TASK STATEMENT:
Reproduce the entries below exactly, but leave the pictures out.

SOURCE RECORDS:
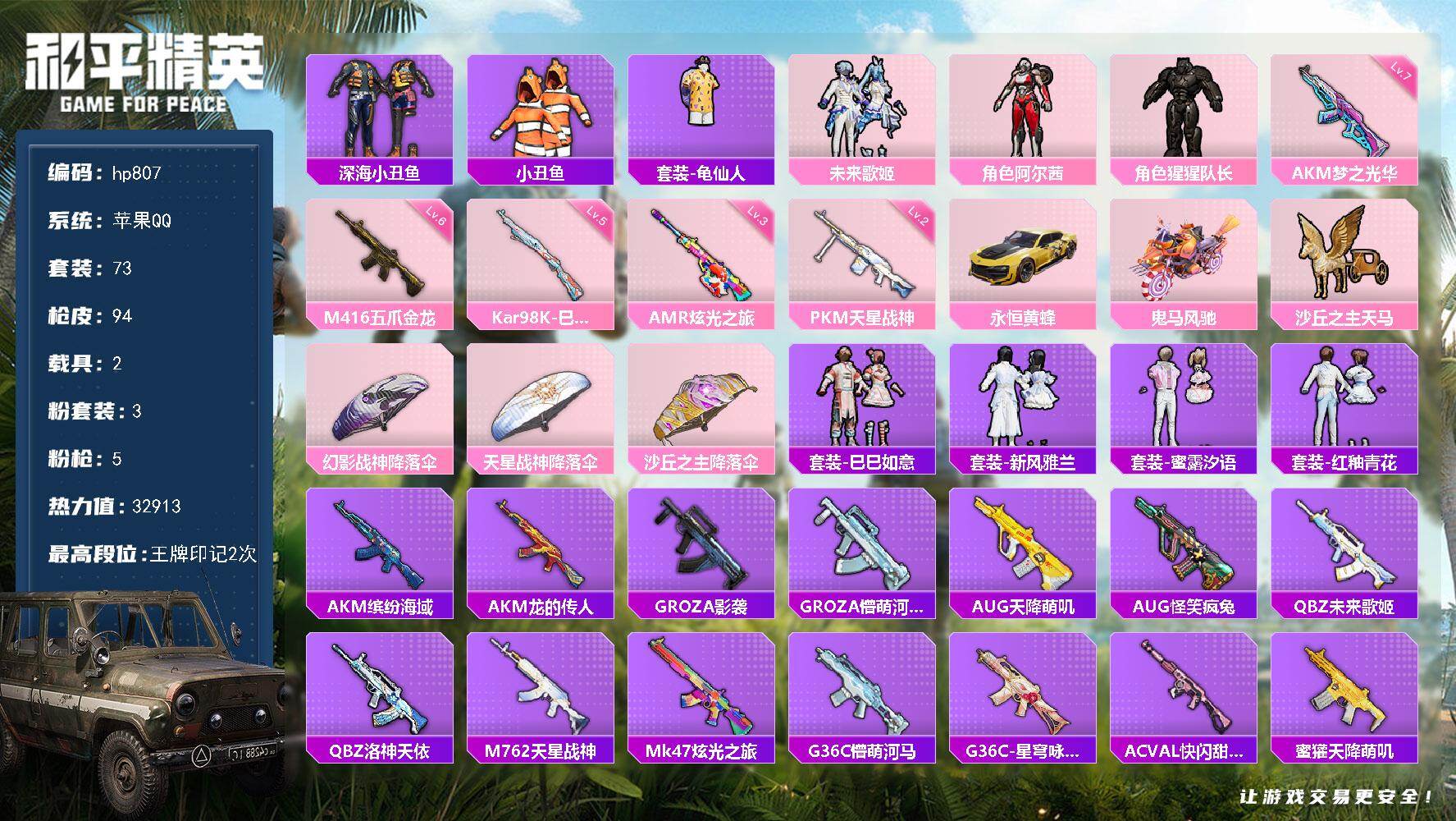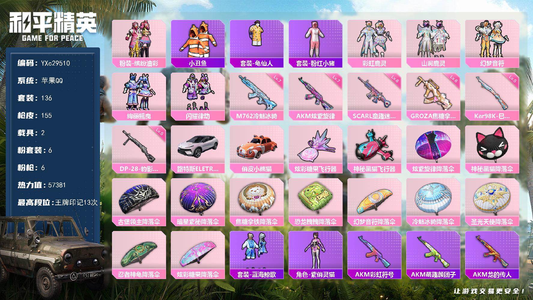 苹果 手Q-3粉装-5特效枪-2载具-1粉色飞行器-32913热力值-2王牌印
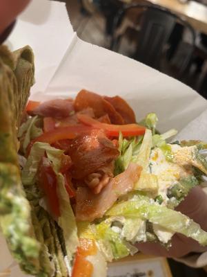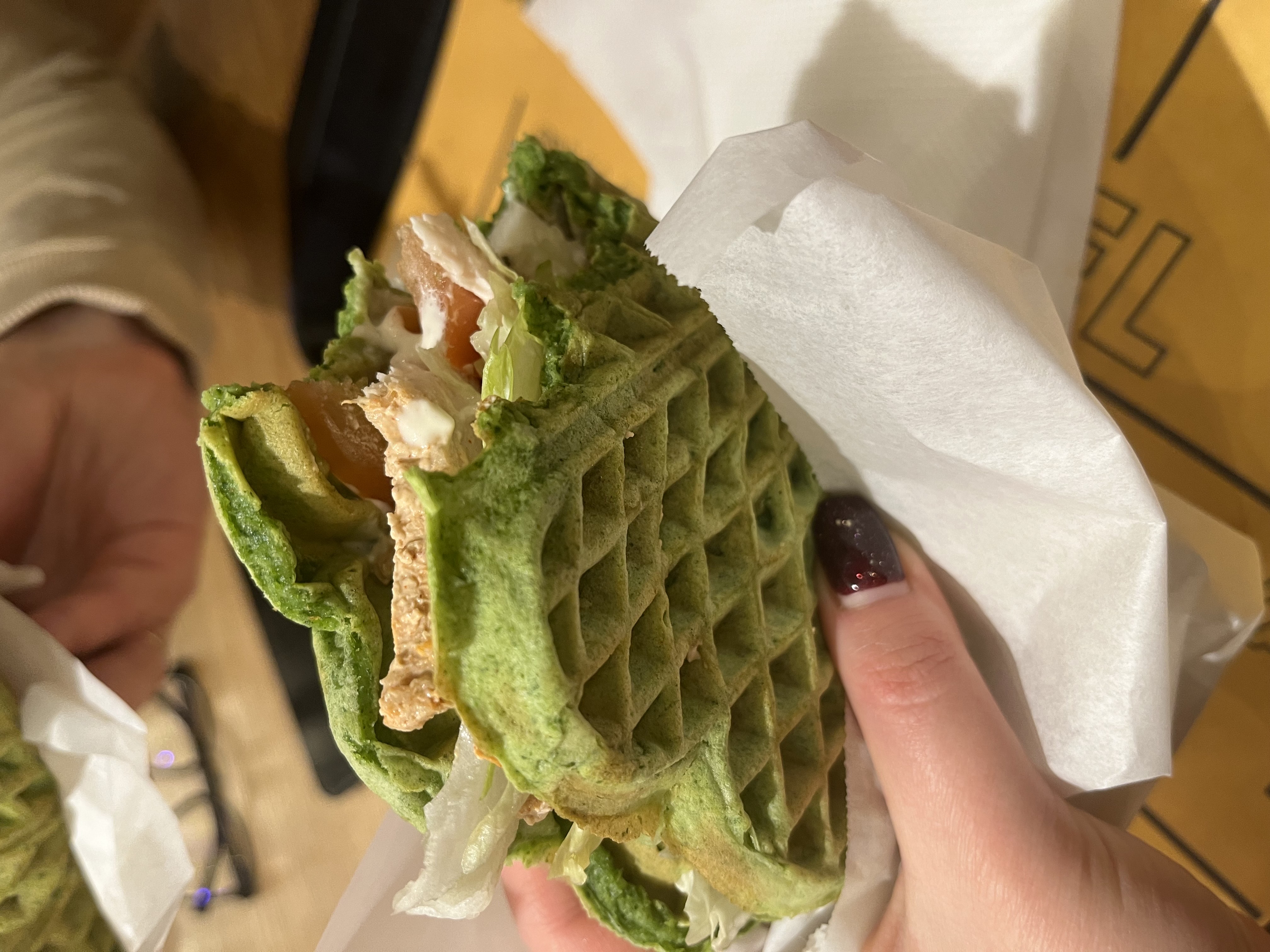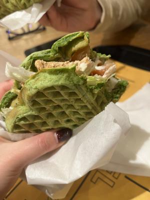Состав: аппетитная легкая вафля на шпинатном тесте с запеченным куриным филе, томатами, айсбергом и соусом цезарь
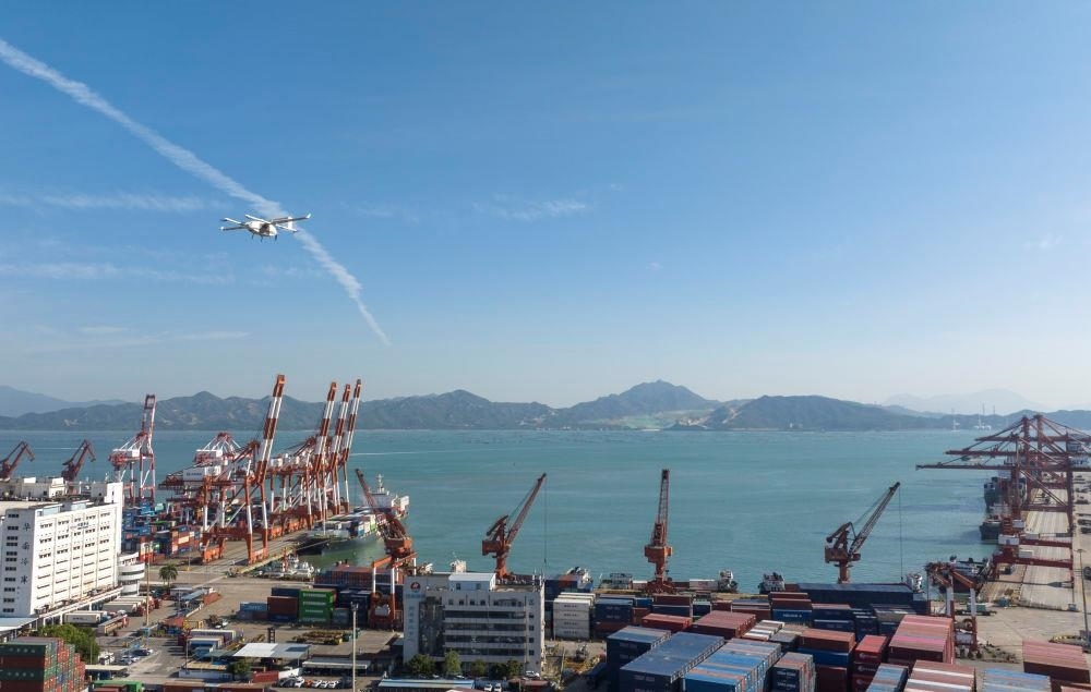 △無人機(jī)搭載快件從珠海飛抵深圳蛇口集裝箱碼頭起降點。
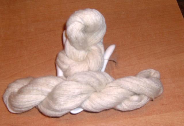 J'ai finalement retordu le Yorkshire qui continuait à vriller et en plus me paraissait très fragile, avec le fil donné par le poil du chien crème non identifié, lol. |
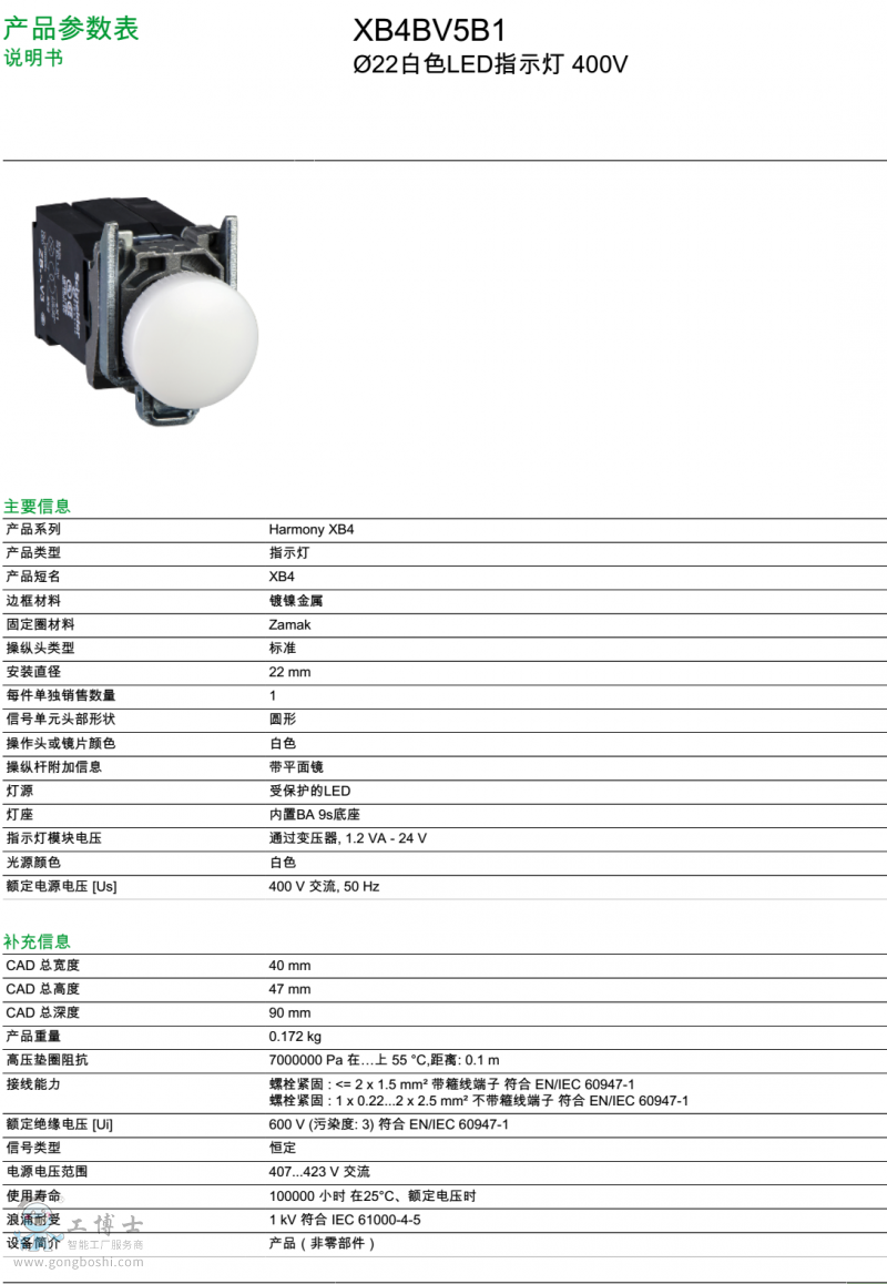 XB4BV5B1 指示燈 施耐德/Schneider Ø22 白色LED 400V
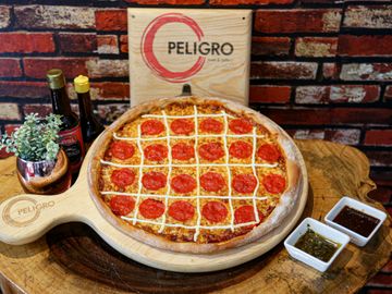 emblemática de PELIGRO, pepperoni y queso philadelphia
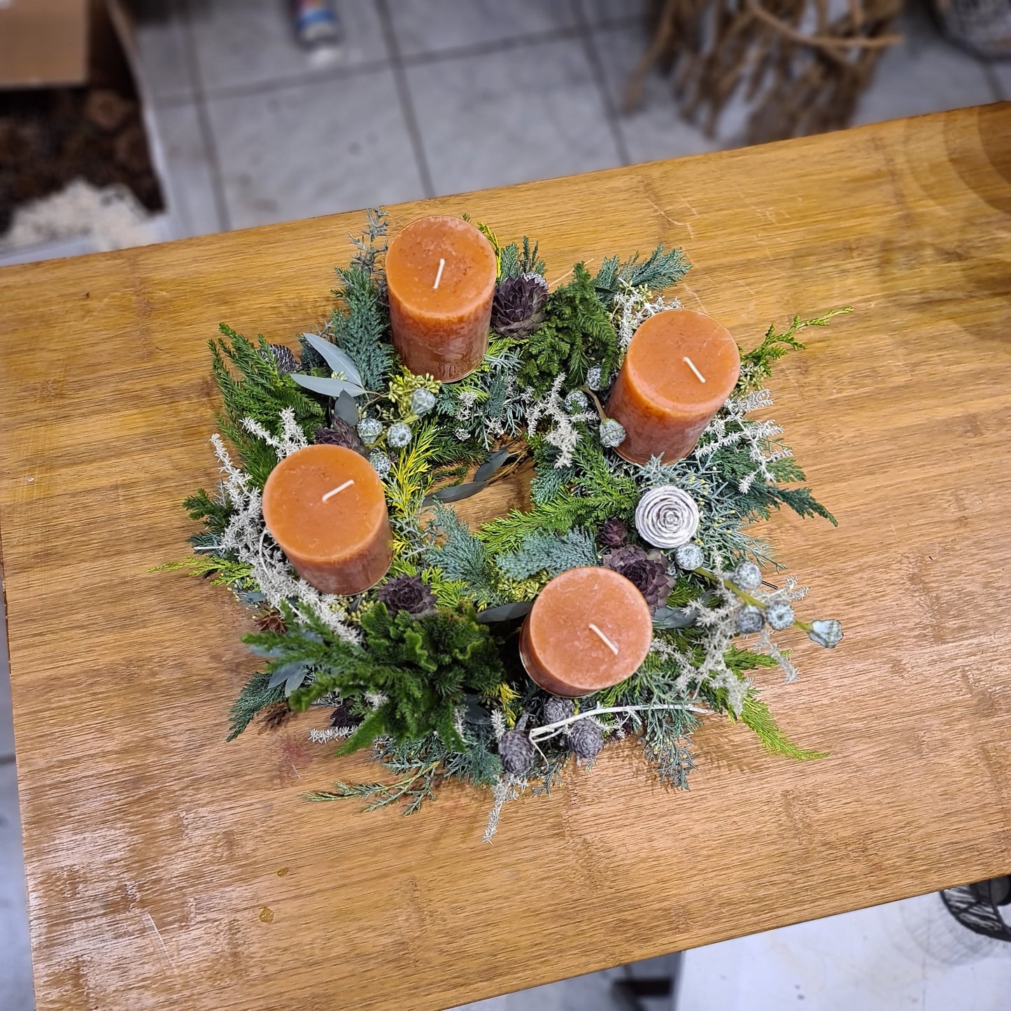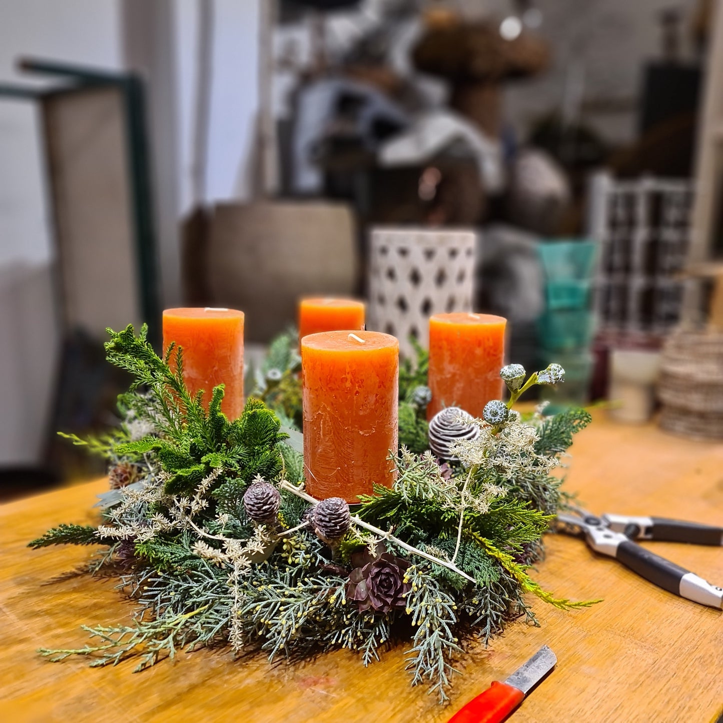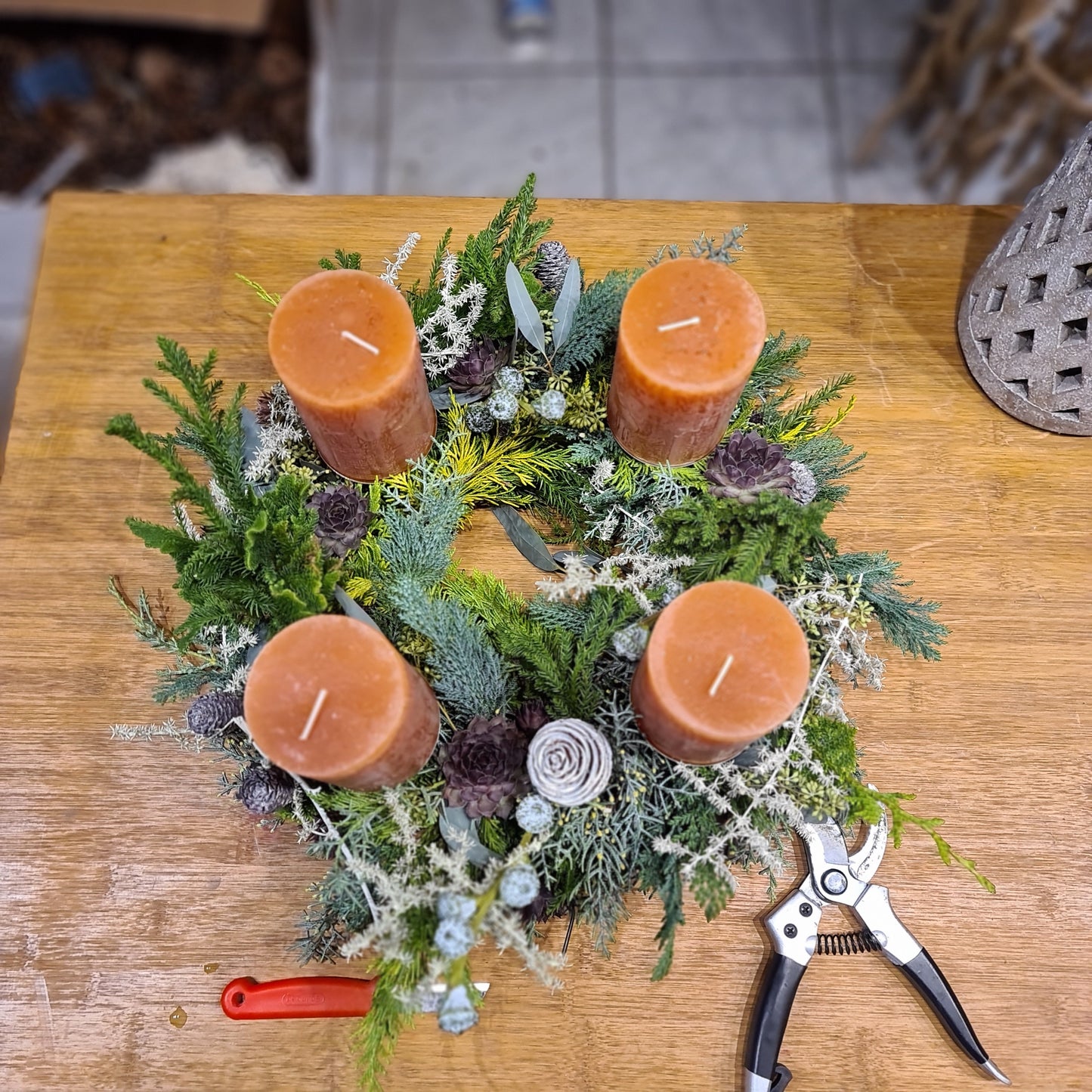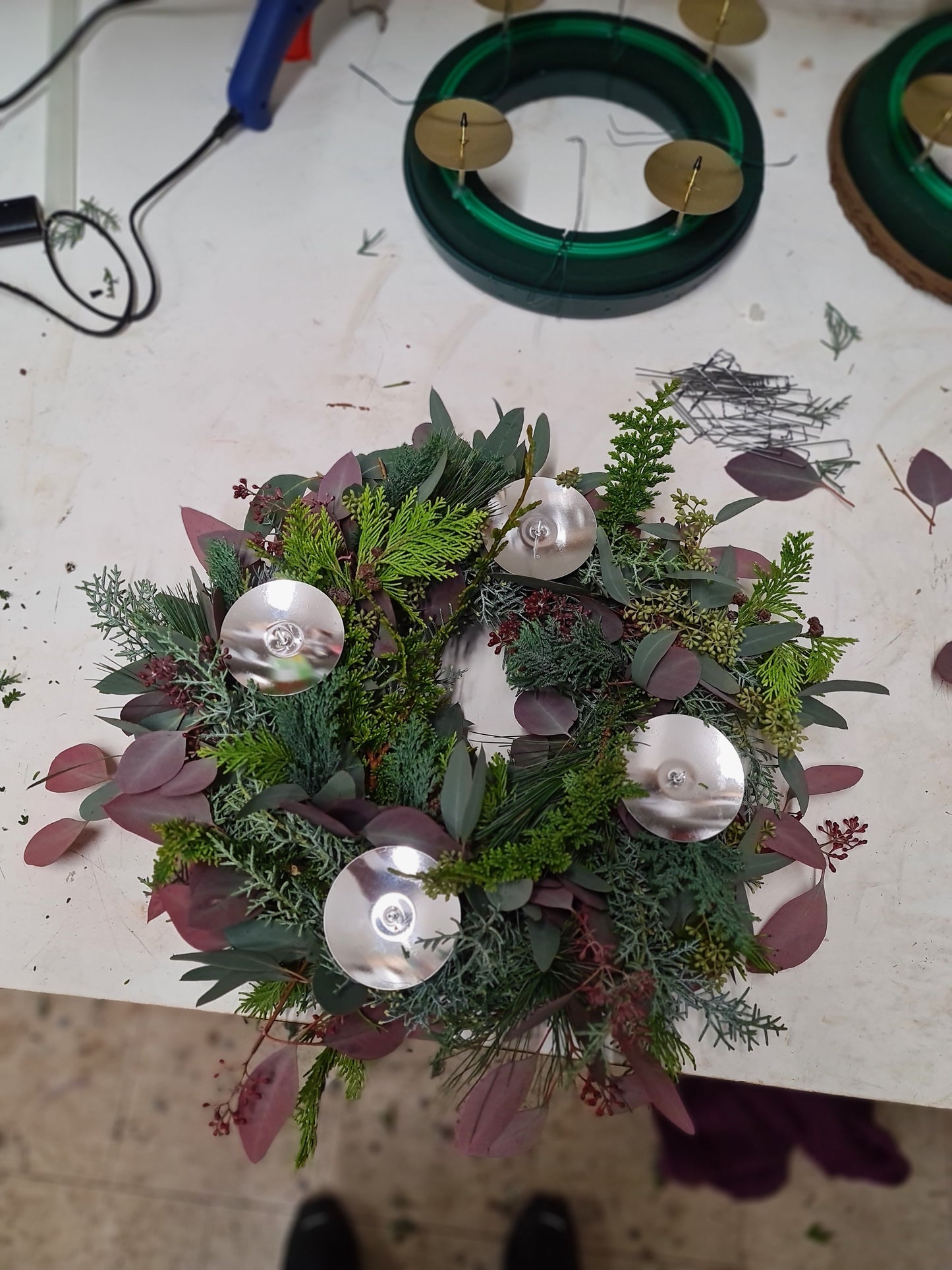 Der Adventkranz hat einen Durchmesser von ca. 40 cm.

ANSWER TO THE EXERCISE:
 苹果 手Q-3粉装-5特效枪-2载具-1粉色飞行器-32913热力值-2王牌印
Состав: аппетитная легкая вафля на шпинатном тесте с запеченным куриным филе, томатами, айсбергом и соусом цезарь
 △無人機(jī)搭載快件從珠海飛抵深圳蛇口集裝箱碼頭起降點。
 J'ai finalement retordu le Yorkshire qui continuait à vriller et en plus me paraissait très fragile, avec le fil donné par le poil du chien crème non identifié, lol. |
 XB4BV5B1 指示燈 施耐德/Schneider Ø22 白色LED 400V
 emblemática de PELIGRO, pepperoni y queso philadelphia
 Der Adventkranz hat einen Durchmesser von ca. 40 cm.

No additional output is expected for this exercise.